* **What you should do**
Copy exactly, and only, the lines between the start of the entries below and the line containing "Beschreibung: cca 1916", both inclusive. Omit pictures.

Stored entries:

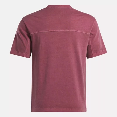 A new wash on your favorite Reebok t-shirt. Made of soft cotton and colored with a natural dye, it has drop shoulders that gives it a chill look. Put it on to hang out with friends or lounge around at home.
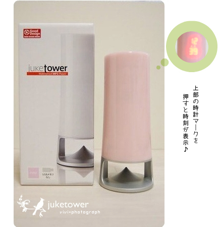 < ちょっと前の駅伝の時に買ったjuketower juketower 感想の多い順検索しばらく使ったので、簡単に感想レポを juketowerは、防水のMP3プレーヤーです♪これめっちゃイイですよ~!!500mlの缶ビールとかそのぐらいの大きさです。以前は、この2つを使ってました↓ これはCDだから、比較にならないかもしれないけど断然juketowerのほうが使いやすいです^^やっぱりUSBメモリを使うから、たっぷり曲が入るし操作も簡単で、何より音の広がりがイイです。音質は、普通の音楽プレーヤーと比べるとさすがに劣るし防水独特のボワーンとした感じがあるけど、防水にしては良い方だと思います!! 上部に「時計・スタート/停止・音量・進む/戻る」ボタンがあります。時計マークを押すと、時刻が表示されます。もう一回押すと消えます。夜寝る時に、枕元に置いておくのもありかも^^下はこんな360度の不思議な形になっていて、これが音の広がりを出してるのかな~?と思います。電池は3本です。以前使ってたのは、4本とか6本だったので少なくなって嬉しい~!アルカリが写ってるけど、実際は繰り返し使える電池を使ってます。そうそう。電池の持ちもイイですよ~!前のCDプレーヤーは、3・4日しか持たなかったけどこのjuketowerは、余裕で1週間以上持ってます!!(1日約30分使用)USBメモリは曲もたくさん入るし、コンパクトなので使いやすい♪CDだとアルバム1枚分しか聴けないもんね^^;デメリットというか欠点は、リピート機能が無いところかな。ずっと流し聴きする感じになります。あと、少しだけ進めることは出来ないです。「進む/戻る」は1曲まるまる「進めるか戻る」になります。あとランダム再生はあるけど、かなり簡易的な感じです。それから操作しないと1時間で自動的にオフになり止まります。これは別にデメリットではないかな?寝る時に、枕元で流して使えるよね^^音量も幅があるので、アウトドアでも使えそう~♪半径2・3メートルぐらいなら大丈夫な感じです。これは、ほんと買って大正解っ!!これから寒くなってお風呂も長くなるしねUSBメモリに入れるのも簡単だったし。※本家サイト(楽天外)で入れ方が載ってます。「juketower」で検索何よりこのフォルムが最高に可愛いです♪流し聴きでもOK、音にもこだわりが無いならおすすめです。本家NET 【エヌイーティ】 online-shop楽天市場店一番多いレビューを見る⇒NET 【エヌイーティ】juketower レビュー 日記一覧はこちら 今売れてる!リアルタイムランキングはこちら
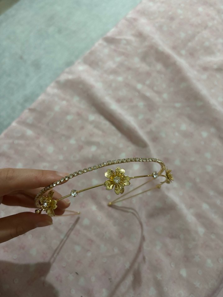 Altın renkli, pul işlemeli çiçek detaylı, hafif plastikten yapılmış minimalist bohem tarzda saç aksesuarı. Retro ve hippie havası katar. ✨
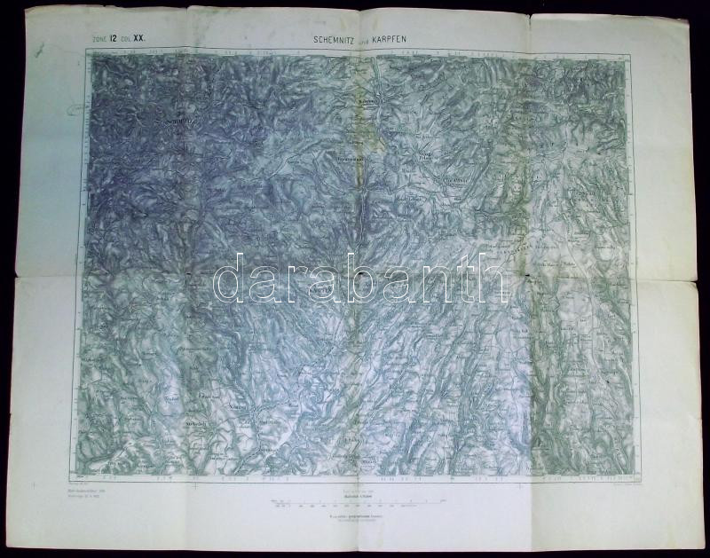 Beschreibung: cca 1916 Korpona és Körmöcbánya környékének katonai térképe / WW. I. military map of Cremnitz and Karpfen (kis szakadásokkal) 60x50 cm
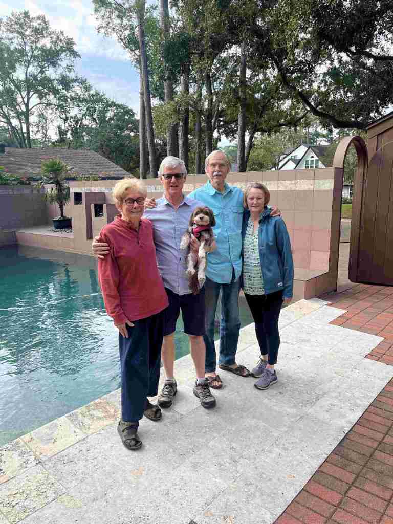 This is a photo of their pool from roughly the same spot in 2017. Their pool is in the front entrance courtyard and the bayou is behind the house and down about 20 meters. They ended up being out of their house for nine months.
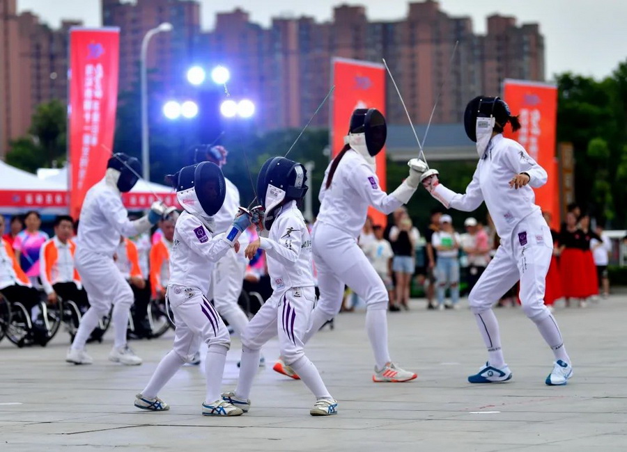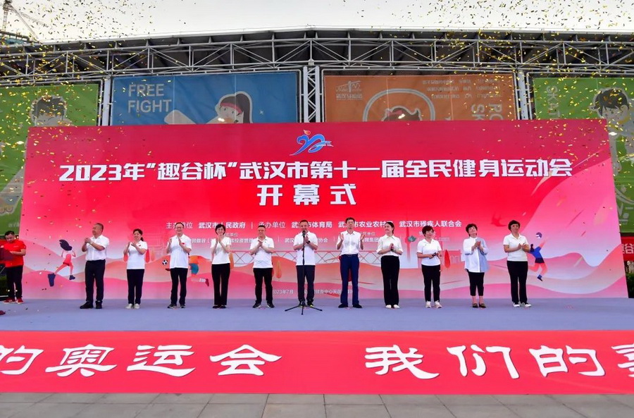 7月2日,在精彩纷呈的武术、击剑、轮椅国标和健身操舞表演中,2023年“趣谷杯”武汉市第十一届全民健身运动会在武汉全民健身中心正式开幕,来自市、区两级体育部门的代表和体育运动爱好者共300余人,通过参与赛事、运动体验的形式同享“身边的奥运会”“我们的嘉年华””。

* **Answer space**
 A new wash on your favorite Reebok t-shirt. Made of soft cotton and colored with a natural dye, it has drop shoulders that gives it a chill look. Put it on to hang out with friends or lounge around at home.
 < ちょっと前の駅伝の時に買ったjuketower juketower 感想の多い順検索しばらく使ったので、簡単に感想レポを juketowerは、防水のMP3プレーヤーです♪これめっちゃイイですよ~!!500mlの缶ビールとかそのぐらいの大きさです。以前は、この2つを使ってました↓ これはCDだから、比較にならないかもしれないけど断然juketowerのほうが使いやすいです^^やっぱりUSBメモリを使うから、たっぷり曲が入るし操作も簡単で、何より音の広がりがイイです。音質は、普通の音楽プレーヤーと比べるとさすがに劣るし防水独特のボワーンとした感じがあるけど、防水にしては良い方だと思います!! 上部に「時計・スタート/停止・音量・進む/戻る」ボタンがあります。時計マークを押すと、時刻が表示されます。もう一回押すと消えます。夜寝る時に、枕元に置いておくのもありかも^^下はこんな360度の不思議な形になっていて、これが音の広がりを出してるのかな~?と思います。電池は3本です。以前使ってたのは、4本とか6本だったので少なくなって嬉しい~!アルカリが写ってるけど、実際は繰り返し使える電池を使ってます。そうそう。電池の持ちもイイですよ~!前のCDプレーヤーは、3・4日しか持たなかったけどこのjuketowerは、余裕で1週間以上持ってます!!(1日約30分使用)USBメモリは曲もたくさん入るし、コンパクトなので使いやすい♪CDだとアルバム1枚分しか聴けないもんね^^;デメリットというか欠点は、リピート機能が無いところかな。ずっと流し聴きする感じになります。あと、少しだけ進めることは出来ないです。「進む/戻る」は1曲まるまる「進めるか戻る」になります。あとランダム再生はあるけど、かなり簡易的な感じです。それから操作しないと1時間で自動的にオフになり止まります。これは別にデメリットではないかな?寝る時に、枕元で流して使えるよね^^音量も幅があるので、アウトドアでも使えそう~♪半径2・3メートルぐらいなら大丈夫な感じです。これは、ほんと買って大正解っ!!これから寒くなってお風呂も長くなるしねUSBメモリに入れるのも簡単だったし。※本家サイト(楽天外)で入れ方が載ってます。「juketower」で検索何よりこのフォルムが最高に可愛いです♪流し聴きでもOK、音にもこだわりが無いならおすすめです。本家NET 【エヌイーティ】 online-shop楽天市場店一番多いレビューを見る⇒NET 【エヌイーティ】juketower レビュー 日記一覧はこちら 今売れてる!リアルタイムランキングはこちら
 Altın renkli, pul işlemeli çiçek detaylı, hafif plastikten yapılmış minimalist bohem tarzda saç aksesuarı. Retro ve hippie havası katar. ✨
 Beschreibung: cca 1916 Korpona és Körmöcbánya környékének katonai térképe / WW. I. military map of Cremnitz and Karpfen (kis szakadásokkal) 60x50 cm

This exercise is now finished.